▶ [Requirement]: Each line of the material must be returned exactly.

*** Opening Supplied entries ***

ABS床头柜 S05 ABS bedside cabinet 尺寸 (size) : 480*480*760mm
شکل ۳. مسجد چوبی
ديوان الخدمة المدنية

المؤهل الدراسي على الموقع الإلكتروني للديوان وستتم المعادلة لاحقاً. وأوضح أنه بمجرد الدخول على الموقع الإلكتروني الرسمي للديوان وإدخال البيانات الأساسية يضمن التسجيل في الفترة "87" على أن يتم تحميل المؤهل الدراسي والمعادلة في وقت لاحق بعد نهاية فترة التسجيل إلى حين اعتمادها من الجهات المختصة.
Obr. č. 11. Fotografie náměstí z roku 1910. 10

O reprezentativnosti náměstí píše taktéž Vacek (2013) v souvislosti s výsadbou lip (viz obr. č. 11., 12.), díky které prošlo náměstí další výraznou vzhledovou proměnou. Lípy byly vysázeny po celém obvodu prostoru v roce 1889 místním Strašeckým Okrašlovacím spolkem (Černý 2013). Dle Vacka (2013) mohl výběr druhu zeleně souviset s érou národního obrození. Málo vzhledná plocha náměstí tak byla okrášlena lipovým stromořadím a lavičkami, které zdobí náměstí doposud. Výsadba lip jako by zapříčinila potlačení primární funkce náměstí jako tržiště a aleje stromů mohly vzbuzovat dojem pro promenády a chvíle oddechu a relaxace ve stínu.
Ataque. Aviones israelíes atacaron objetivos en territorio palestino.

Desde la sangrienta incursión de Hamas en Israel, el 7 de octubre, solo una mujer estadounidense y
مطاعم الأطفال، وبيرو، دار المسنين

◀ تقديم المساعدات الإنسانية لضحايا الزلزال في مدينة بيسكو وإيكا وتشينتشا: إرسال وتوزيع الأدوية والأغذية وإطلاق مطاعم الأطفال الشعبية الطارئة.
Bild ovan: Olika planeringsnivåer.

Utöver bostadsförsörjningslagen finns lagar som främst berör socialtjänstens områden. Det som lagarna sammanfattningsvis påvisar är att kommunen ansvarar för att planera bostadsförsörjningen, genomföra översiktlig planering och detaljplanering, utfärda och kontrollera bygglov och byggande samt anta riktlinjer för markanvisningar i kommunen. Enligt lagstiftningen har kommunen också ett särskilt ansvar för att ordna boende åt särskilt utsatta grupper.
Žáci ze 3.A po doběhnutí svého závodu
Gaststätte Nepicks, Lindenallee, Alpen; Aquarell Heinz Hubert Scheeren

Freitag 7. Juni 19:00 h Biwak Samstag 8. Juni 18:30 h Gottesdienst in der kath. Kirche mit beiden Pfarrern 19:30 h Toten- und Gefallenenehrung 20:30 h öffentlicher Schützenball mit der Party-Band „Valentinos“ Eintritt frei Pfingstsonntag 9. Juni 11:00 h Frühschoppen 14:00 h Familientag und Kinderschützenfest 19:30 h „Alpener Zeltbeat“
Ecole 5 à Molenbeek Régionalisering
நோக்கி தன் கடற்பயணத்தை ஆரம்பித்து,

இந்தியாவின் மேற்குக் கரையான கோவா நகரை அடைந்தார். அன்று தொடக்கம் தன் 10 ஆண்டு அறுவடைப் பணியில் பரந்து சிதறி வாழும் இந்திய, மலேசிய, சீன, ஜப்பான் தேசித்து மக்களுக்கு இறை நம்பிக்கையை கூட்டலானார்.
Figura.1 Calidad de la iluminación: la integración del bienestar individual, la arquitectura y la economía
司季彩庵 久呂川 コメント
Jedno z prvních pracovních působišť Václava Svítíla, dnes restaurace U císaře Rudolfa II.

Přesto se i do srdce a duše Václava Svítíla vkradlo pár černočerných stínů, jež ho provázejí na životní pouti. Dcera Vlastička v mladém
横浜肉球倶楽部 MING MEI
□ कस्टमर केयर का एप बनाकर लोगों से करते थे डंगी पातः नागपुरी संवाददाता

*** Closing Supplied entries ***

▶ [Solution to the exercise]:
ABS床头柜 S05 ABS bedside cabinet 尺寸 (size) : 480*480*760mm
شکل ۳. مسجد چوبی
ديوان الخدمة المدنية

المؤهل الدراسي على الموقع الإلكتروني للديوان وستتم المعادلة لاحقاً. وأوضح أنه بمجرد الدخول على الموقع الإلكتروني الرسمي للديوان وإدخال البيانات الأساسية يضمن التسجيل في الفترة "87" على أن يتم تحميل المؤهل الدراسي والمعادلة في وقت لاحق بعد نهاية فترة التسجيل إلى حين اعتمادها من الجهات المختصة.
Obr. č. 11. Fotografie náměstí z roku 1910. 10

O reprezentativnosti náměstí píše taktéž Vacek (2013) v souvislosti s výsadbou lip (viz obr. č. 11., 12.), díky které prošlo náměstí další výraznou vzhledovou proměnou. Lípy byly vysázeny po celém obvodu prostoru v roce 1889 místním Strašeckým Okrašlovacím spolkem (Černý 2013). Dle Vacka (2013) mohl výběr druhu zeleně souviset s érou národního obrození. Málo vzhledná plocha náměstí tak byla okrášlena lipovým stromořadím a lavičkami, které zdobí náměstí doposud. Výsadba lip jako by zapříčinila potlačení primární funkce náměstí jako tržiště a aleje stromů mohly vzbuzovat dojem pro promenády a chvíle oddechu a relaxace ve stínu.
Ataque. Aviones israelíes atacaron objetivos en territorio palestino.

Desde la sangrienta incursión de Hamas en Israel, el 7 de octubre, solo una mujer estadounidense y
مطاعم الأطفال، وبيرو، دار المسنين

◀ تقديم المساعدات الإنسانية لضحايا الزلزال في مدينة بيسكو وإيكا وتشينتشا: إرسال وتوزيع الأدوية والأغذية وإطلاق مطاعم الأطفال الشعبية الطارئة.
Bild ovan: Olika planeringsnivåer.

Utöver bostadsförsörjningslagen finns lagar som främst berör socialtjänstens områden. Det som lagarna sammanfattningsvis påvisar är att kommunen ansvarar för att planera bostadsförsörjningen, genomföra översiktlig planering och detaljplanering, utfärda och kontrollera bygglov och byggande samt anta riktlinjer för markanvisningar i kommunen. Enligt lagstiftningen har kommunen också ett särskilt ansvar för att ordna boende åt särskilt utsatta grupper.
Žáci ze 3.A po doběhnutí svého závodu
Gaststätte Nepicks, Lindenallee, Alpen; Aquarell Heinz Hubert Scheeren

Freitag 7. Juni 19:00 h Biwak Samstag 8. Juni 18:30 h Gottesdienst in der kath. Kirche mit beiden Pfarrern 19:30 h Toten- und Gefallenenehrung 20:30 h öffentlicher Schützenball mit der Party-Band „Valentinos“ Eintritt frei Pfingstsonntag 9. Juni 11:00 h Frühschoppen 14:00 h Familientag und Kinderschützenfest 19:30 h „Alpener Zeltbeat“
Ecole 5 à Molenbeek Régionalisering
நோக்கி தன் கடற்பயணத்தை ஆரம்பித்து,

இந்தியாவின் மேற்குக் கரையான கோவா நகரை அடைந்தார். அன்று தொடக்கம் தன் 10 ஆண்டு அறுவடைப் பணியில் பரந்து சிதறி வாழும் இந்திய, மலேசிய, சீன, ஜப்பான் தேசித்து மக்களுக்கு இறை நம்பிக்கையை கூட்டலானார்.
Figura.1 Calidad de la iluminación: la integración del bienestar individual, la arquitectura y la economía
司季彩庵 久呂川 コメント
Jedno z prvních pracovních působišť Václava Svítíla, dnes restaurace U císaře Rudolfa II.

Přesto se i do srdce a duše Václava Svítíla vkradlo pár černočerných stínů, jež ho provázejí na životní pouti. Dcera Vlastička v mladém
横浜肉球倶楽部 MING MEI
□ कस्टमर केयर का एप बनाकर लोगों से करते थे डंगी पातः नागपुरी संवाददाता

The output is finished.